Countertop buying guide

Last updated: April 2015

Getting started

The budget comes first then use this buying guide and the Ratings to find out the pros and cons of the materials you're considering, especially since some materials are close in price and special sales might sway you. You have more choices of materials, colors, and patterns than ever, and some materials such as concrete, granite, limestone, marble, and even stainless steel are migrating from the kitchen to the bathroom. Bathroom counters typically see a lot less wear and tear than kitchen counters, but consider materials that are more likely to resist stains and chips, unless the counter is for a powder room or guest bathroom.

Think big

Tiny samples make it hard to visualize what the material will look like in your kitchen. Play with online design tools, but see the materials up close and take home large samples, even if you have to pay for them. If you're considering stone, visit the stone yard. Natural stone's color and veining can vary widely even within a slab, so when you find a slab you love, reserve it.
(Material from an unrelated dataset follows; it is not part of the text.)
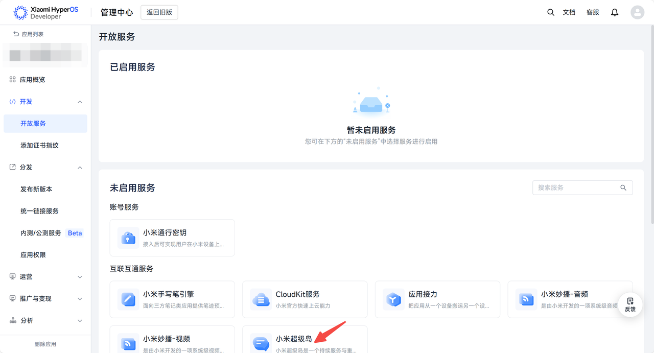 - 进入手机/平板应用选择您需要开通小米超级岛的在架应用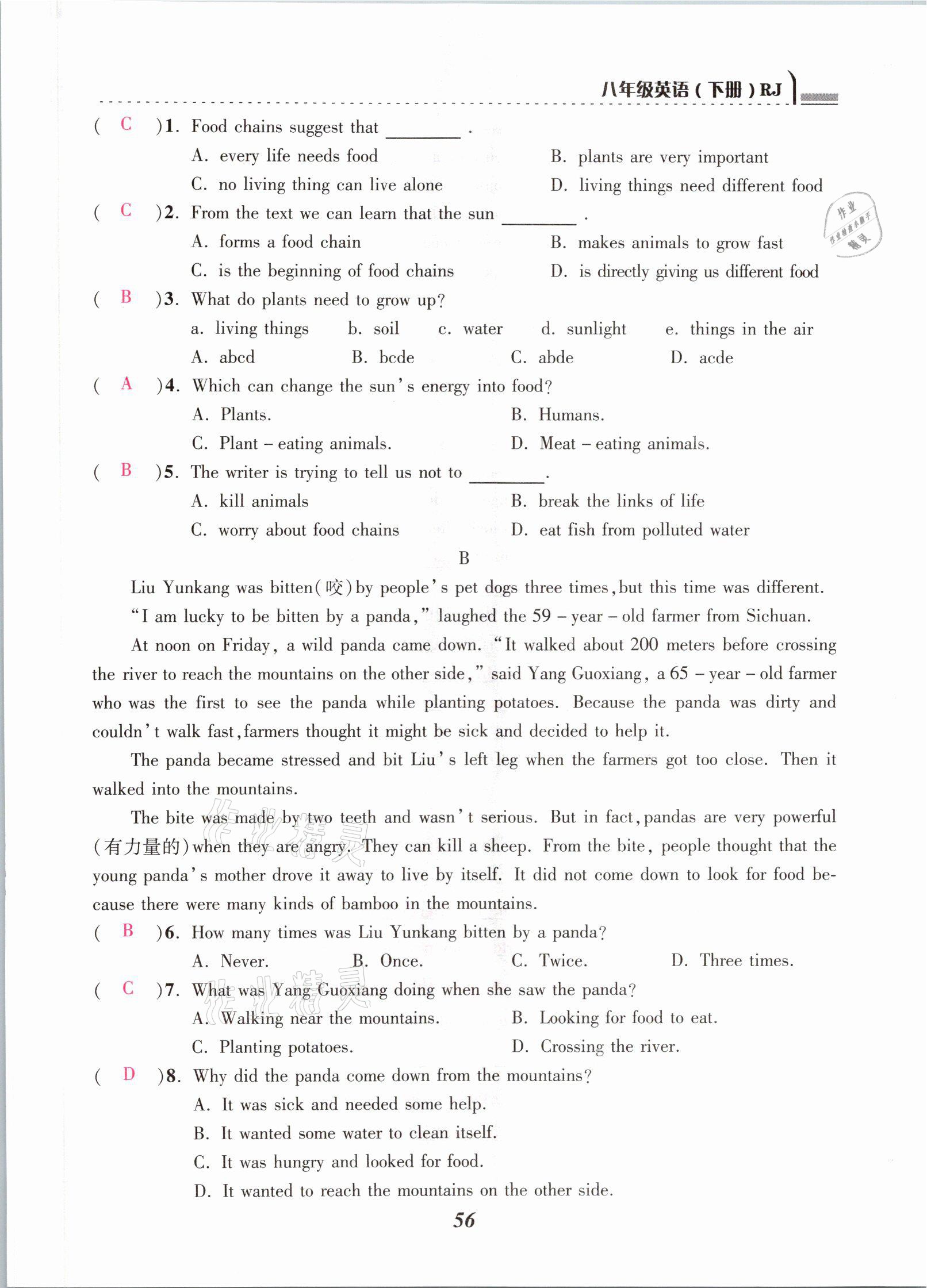 注:目前有些书本章节名称可能整理的还不是很完善,但都是按照顺序排列的,请同学们按照顺序仔细查找。练习册 2021年本土学练八年级英语下册人教版云南专版 答案主要是用来给同学们做完题方便对答案用的,请勿直接抄袭。

And whatever you're considering ask about the warranty.

What about the sink?

A top-mounted sink can be used with any countertop material and is dropped in after the counter is installed. An under-mounted sink is placed under the countertop and works best with waterproof countertop materials such as concrete, solid surfacing, stainless steel, stone, or quartz. Some materials, such as solid surfacing and stainless, can be used for both the sink and counter, creating a seamless look.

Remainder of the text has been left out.